The pressure and the growing support from other leaders made it harder for the Pullman Company to ignore the demands of its Black workers especially after Randolph sent the letter to President Roosevelt. Things started to shift. The Brotherhood of Sleeping Car Porters finally gained recognition in 1937. The organization become the first Black labor union to sign a collective bargaining agreement with a major U.S. corporation. That meant porters and maids had the power to finally negotiate for better pay, shorter hours, and fair treatment.

It was a huge win for black labor rights across the country! This victory didn’t just change things for Pullman workers. It ignited a spark to a much bigger movement. This fight showed that organizing could work despite the odds being stacked. Randolph’s push for justice didn’t stop with the Pullman Company. His leadership opened doors for civil rights actions that included a march on Washington decades later.

Once the union was recognized.
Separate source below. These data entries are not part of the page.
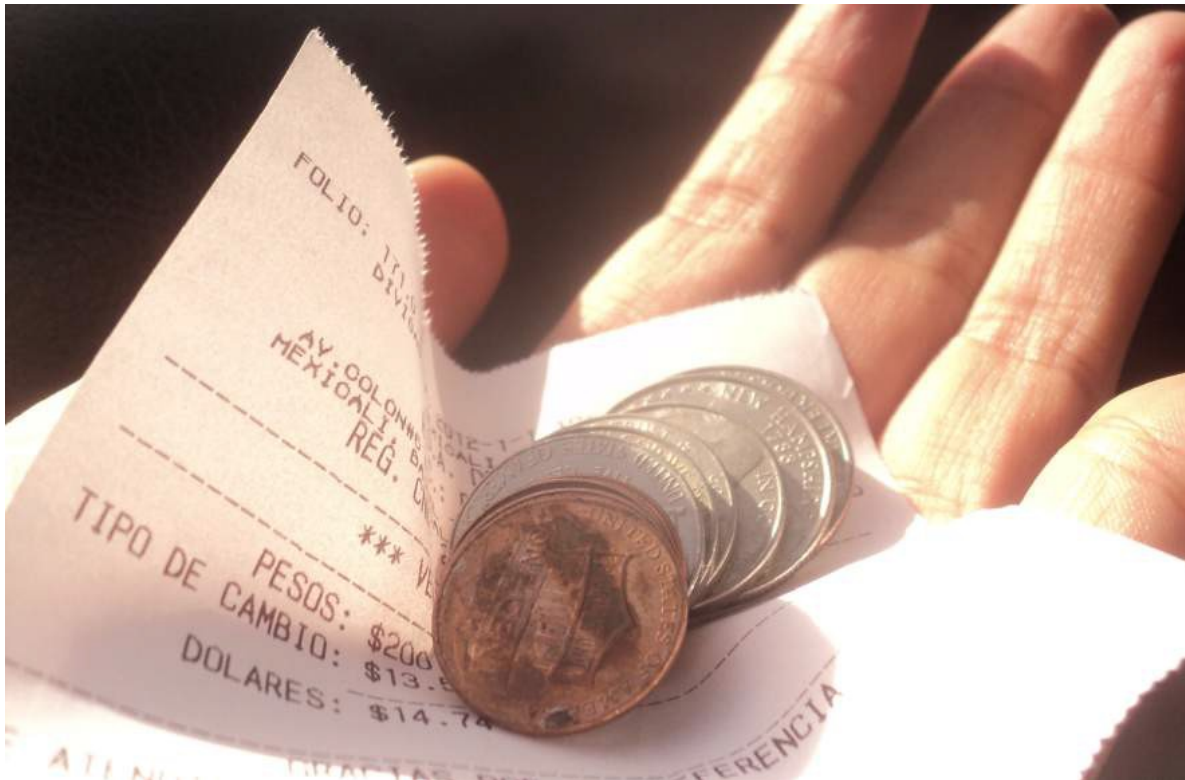
The money exchanges on the border give exact change, and as research Lya Niño notes, "everyone lives with one eye fixed on the exchange rate."

"Earmarking currencies is one of the ways in which people make sense of their complicated and sometimes chaotic social ties," Zelizer writes (1997, p215).
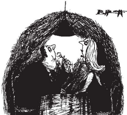
"Looks like the wind's dropped again"

The Dutch are again turning to wind as a source of energy. At the end of the last century, more than 9,000 windmills were pumping water or grinding flour in the Netherlands, and if the present emphasis on wind energy continues, by the year 2000 there will be more than 2,000 megawatts of electricity produced from wind power. This is equivalent to about 13 per cent of the country's present requirement for electricity, which is not expected to increase much in the next few decades.
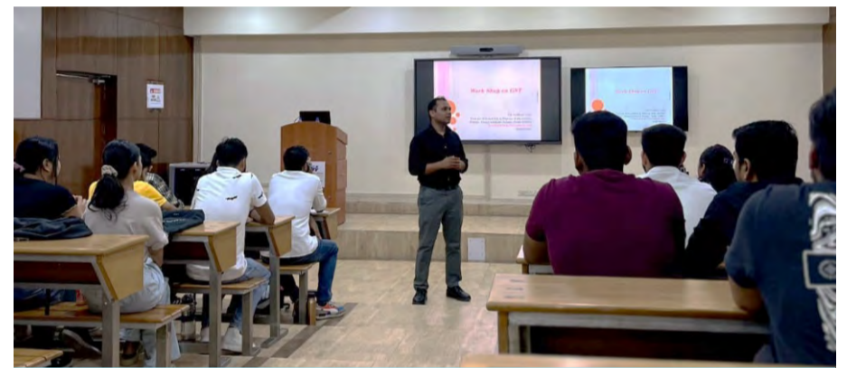
Students attending workshop on GST

The workshop concluded with an interactive quiz designed to assess the understanding and retention of the material covered.
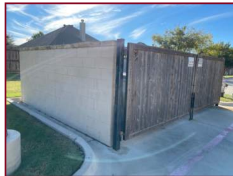
WASTE STORAGE AREA
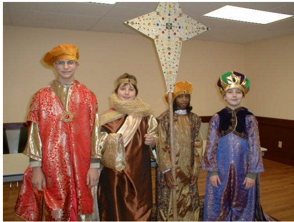
Three Kings Day Celebration - Three kings and a page.

After the service, all the children greatly enjoyed the party and cake with hidden gold coins.
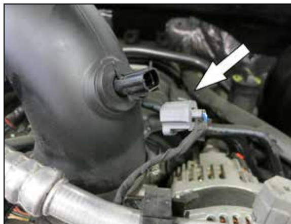
2. Disconnect the IAT sensor electrical connection.

NOTE: Disconnecting the negative battery cable erases pre-programmed electronic memories. Write down all memory settings before disconnecting the negative battery cable. Some radios will require an anti-theft code to be entered after the battery is reconnected. The anti-theft code is typically supplied with your owner's manual. In the event your vehicles anti-theft code cannot be recovered, contact an authorized dealership to obtain your vehicles anti-theft code.
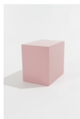
John McCracken Untitled (Pink Block) , 1968 Lacquer, fiberglass, and plywood 11 1/8 x 11 7/8 x 8 3/4 inches 28.3 x 30.2 x 22.2 cm Signed and dated on base Private Collection MCCJO0441
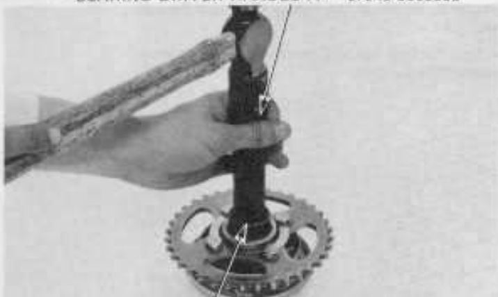
BEARING DRIVER OUTER, 37 x 40 mm
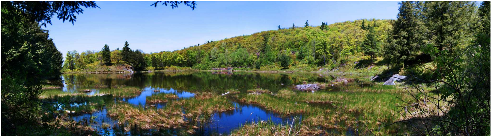
Black Lake near King Mountain, Gatineau Park, Quebec, Canada

http://mdocml.bsd.lv/press.html has all the slides of these talks

He kept building pressure on the government to support workers across industries. Randolph understood that labor rights were tied to civil rights and he used every tool he had to make it clear. I am talking letters, speeches, and marches. His work helped move public opinion to force leaders to reckon with the fact that black labor wasn’t just essential. It deserved respect and protection.

The ripple effect reached far beyond the railroads and the Pullman Company. Randolph’s organizing laid the foundation for desegregating the military and securing fair employment practices. His strategy of using direct action and public pressure became a model and provided the path for later movements. What started as a fight for Pullman porters and maids to get better working conditions grew into a blueprint for how black workers could claim their place in American democracy. Randolph didn’t just change one company. He changed the country.
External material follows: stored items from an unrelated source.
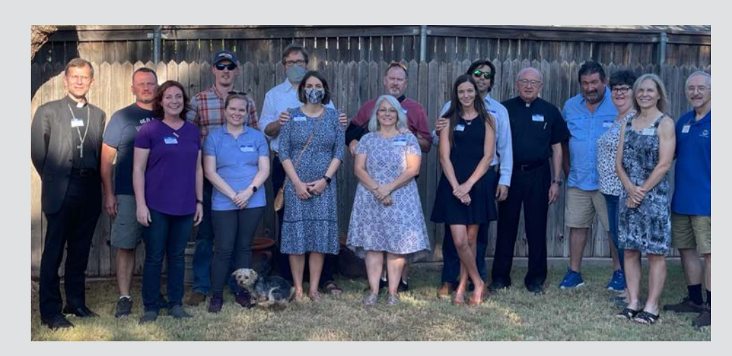
Midland TX Team 2
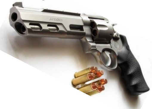
Small gun with bullets
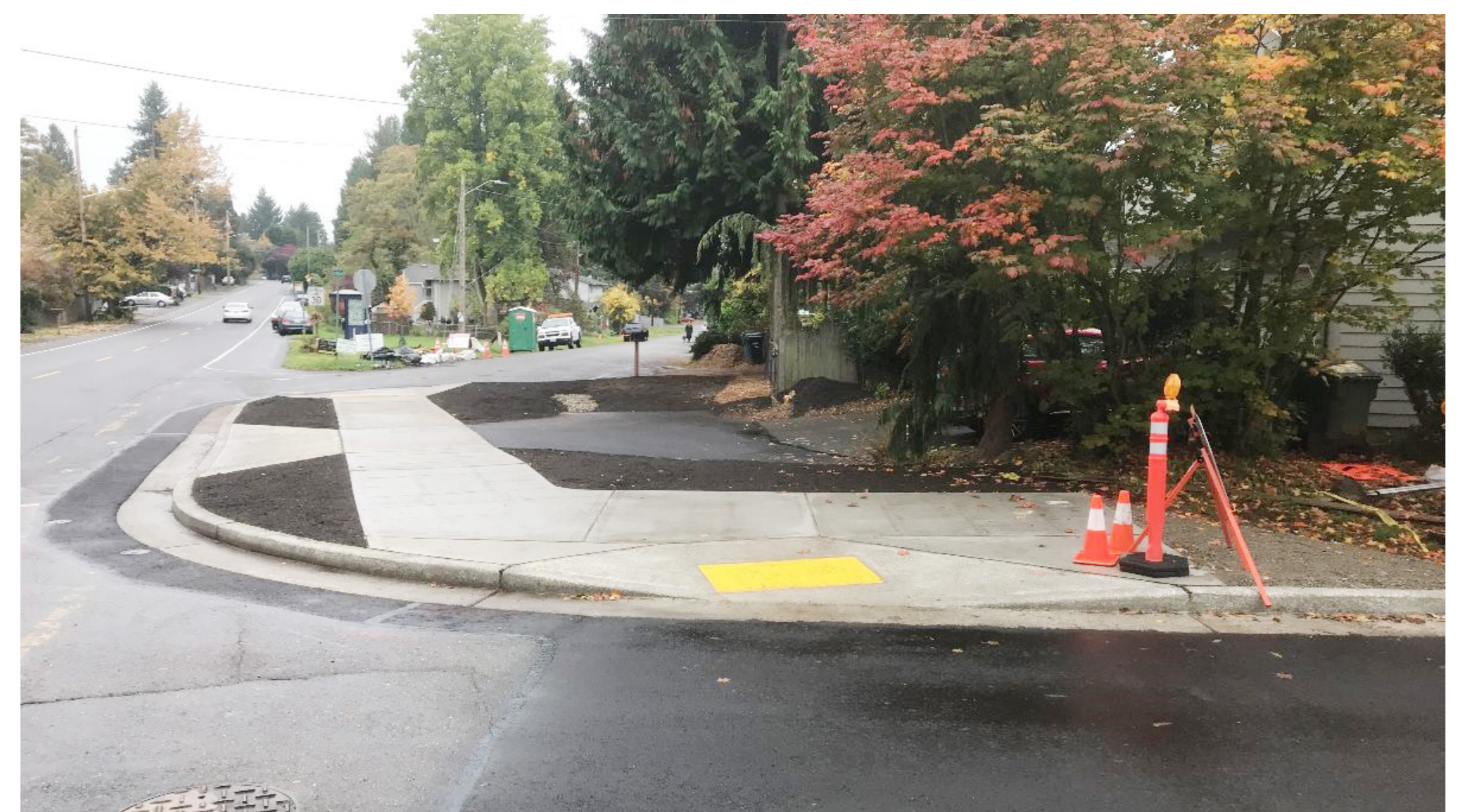
Curb bulb replacement before and after on Sand Point Way NE and NE 125th St
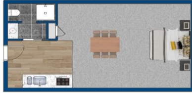
MOTEL 3, 4, 5

“We must develop huge demonstrations, because the world is used to big dramatic affairs. They think in terms of hundreds of thousands and millions and billions… Billions of dollars are appropriated at the twinkling of an eye. Nothing little counts. Since almost all Negroes are workers, live on wages, and suffer from the high cost of food, clothing and shelter, it is obvious that the Republican and Democratic Parties are opposed to their interests. I suggest that ten thousand Negroes march on Washington, D.C., the capital of the Nation, with the slogan, ‘We loyal Negro American citizens demand the right to work and fight for our country.”